The damping factor 0 < α < 1 defines the probability that random Web surfers choose a random link from the page they are visiting [25]. The teleporting vector \({\boldsymbol v}{~=[v_{1},\cdots ,v_{n}]^{\top }}\in \mathbb {R}^{n\times 1}\) (v ≥ 0 and ∥v1 = 1) defines the probability vi that the Web surfer jumps to an external page i. Finally, \({\boldsymbol d}\in \mathbb {N}^{n\times 1}\) is such that d(i) = 1 if page i has no hyperlink and 0 otherwise, and \({\boldsymbol e}=[1,1,\ldots ,1]^{\top }\in \mathbb {N}^{n\times 1}\).
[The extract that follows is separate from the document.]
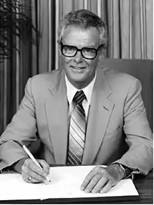 In 1974, Yardley joined the National Aeronautics and Space Administration (NASA) as its associate administrator for manned space flight. This was a difficult time for manned space flight, with the transition from expendable launch vehicles to the reusable Space Shuttle. Yardley left NASA after the first successful flight of the Space Shuttle in 1981, and returned to St. Louis and McDonnell-Douglas as president of McDonnell Douglas Astronautics, a position he held until he retired in 1989.[1] He became known for "Yardley's Law": "Pretty is what works",[2] his response to someone who said that the Mercury spacecraft looked like a waste paper bin.[2] Speaking about his anxiety before the inaugural launch of the Space Shuttle, he said: "The things that you have to be careful about are the unknowns, things that have never happened before. A new engineering gremlin could crawl out of the woodwork, one nobody could have predicted."[2]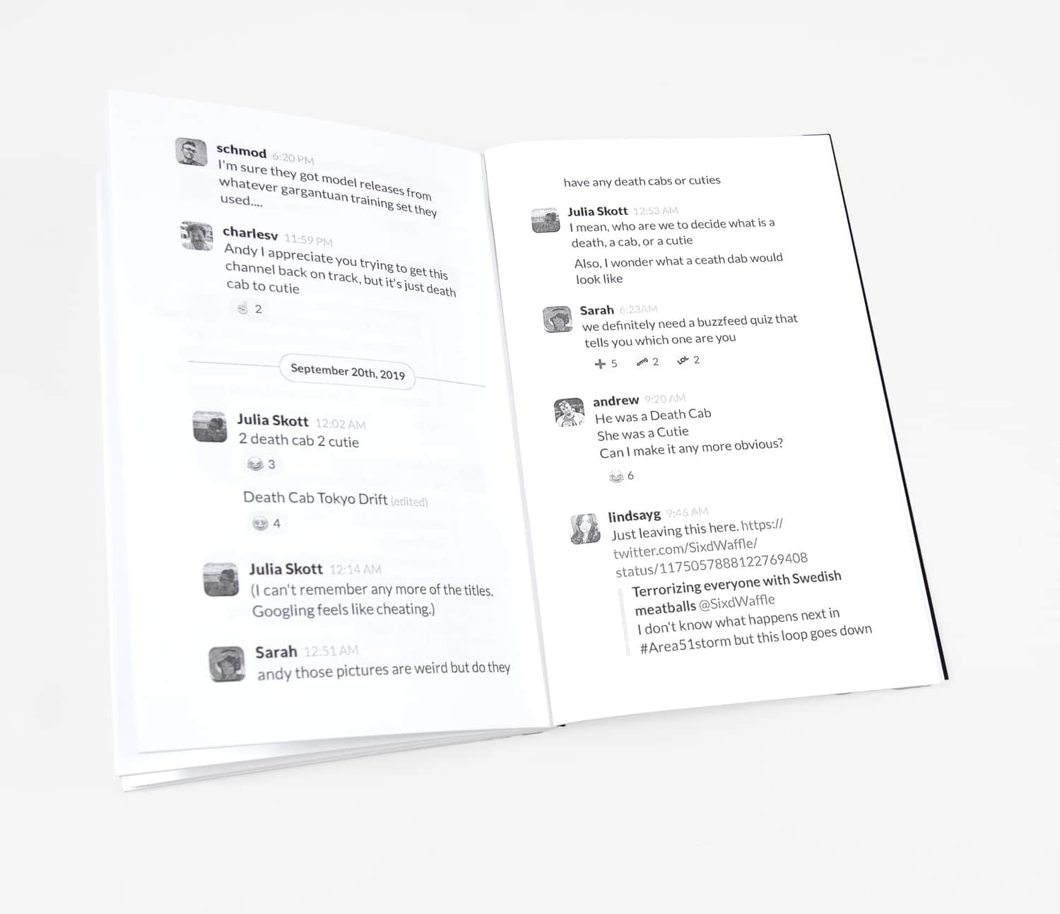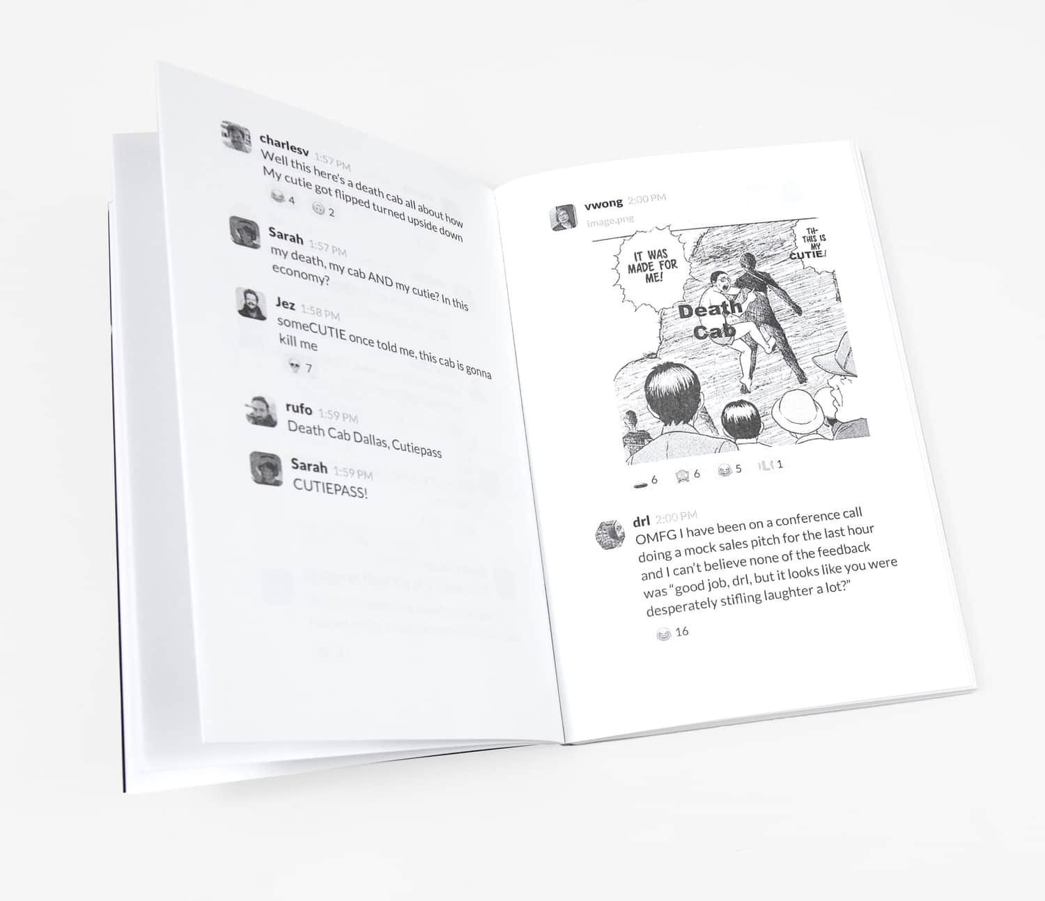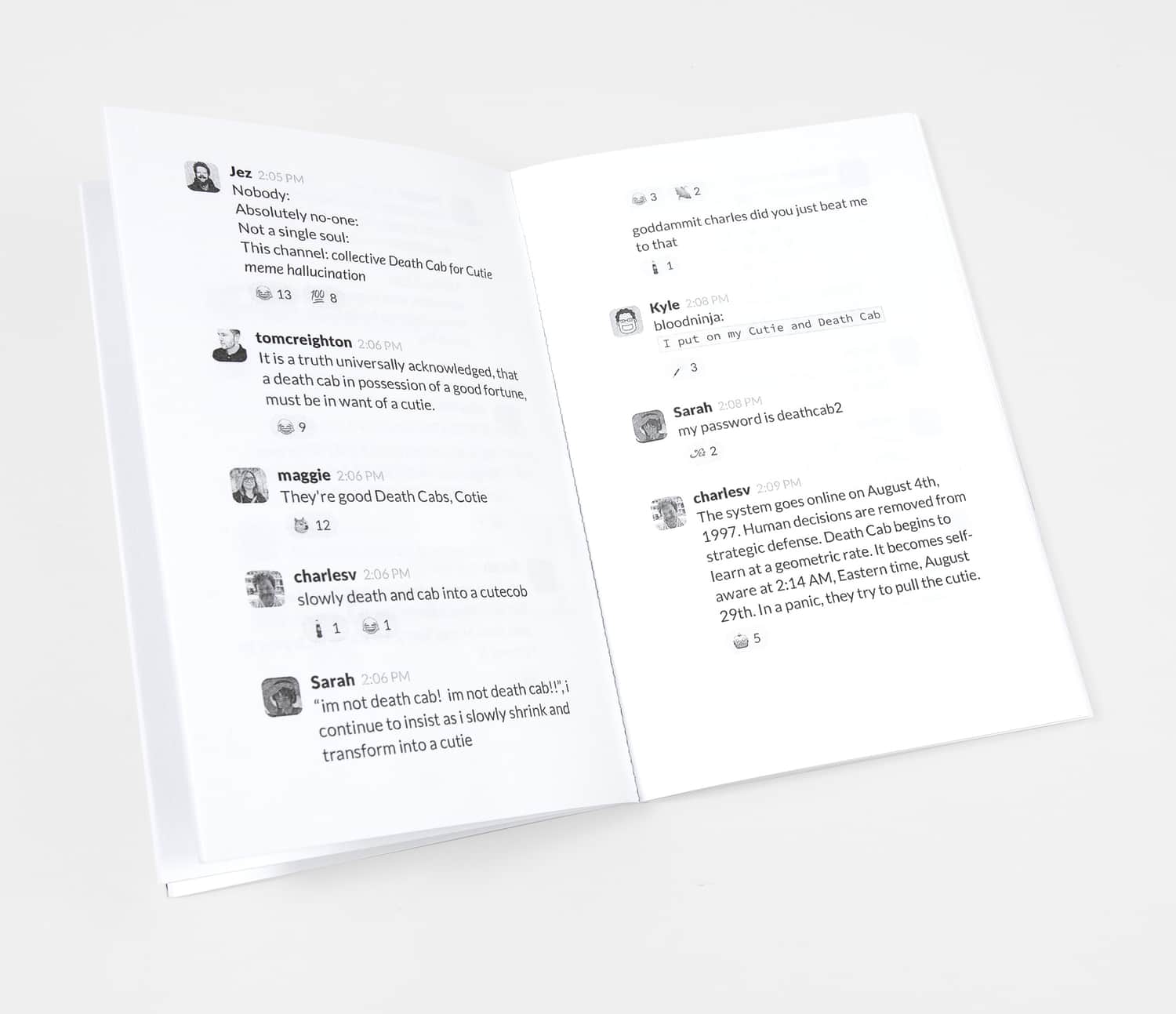 The zine documents an infamous thread in the XOXO Slack where over 60 community members shoehorned the band Death Cab for Cutie into as many memes as possible over the course of six days. If you know, you know.

The value of the damping factor α plays an important role in the PageRank model. Theoretically, it represents an upper bound 0 < |λ2|≤ α < 1 for the second largest eigenvalue, λ2, of A. Further properties of the Google matrix can be found in [2, 4,5,6,7, 10]. For low values of α (e.g., α = 0.85), λ2 is well separated from the largest eigenvalue of A, which is λ1 = 1, ensuring rapid convergence of the power algorithm applied to problem (1.1). On the other hand, convergence tends to slow down noticeably when α is very close to 1, requiring more robust algorithms than the simple power method. Some computational approaches proposed in the literature include Monte Carlo methods [11], adaptive algorithms [3, 12], extrapolation techniques [2, 7, 13], singular value decompositions [19,20,21] reordering [14, 15] and inner-outer solution strategies [16].

A significant amount of work has been devoted in the last years to the use of Krylov subspace methods based on the Arnoldi decomposition [17, 18] for large PageRank computations, mainly due to their memory efficiency and attractive inherent parallelism. Golub and Greif extended the refined Arnoldi procedure to PageRank by forcing a relevant shift to be 1, being able to circumvent the drawbacks due to complex arithmetic and showing overall very good algorithmic efficiency [22]. Many techniques have attempted to combine the conventional Arnoldi method and the power algorithm to produce faster solvers, e.g., the Power-Arnoldi [23,24,25], the Arnoldi-Extrapolation [26], and the Arnoldi-Inout [27] methods. In the technique proposed in [28], the weighted least squares problem is changed adaptively according to the component of the residual. Then, the generalized Arnoldi method is used to compute the approximate PageRank vector. However, when the dimension of the Krylov subspace is large, Arnoldi-based solvers tend to become very expensive in terms of memory and computational costs; on the other hand, if the dimension of the Krylov subspace is low, they sometimes fail to accelerate the basic power method, especially when the damping factor is high [22,23,24,25]. Similarly to the restarted GMRES algorithm [31], they may stagnate in many circumstances [32].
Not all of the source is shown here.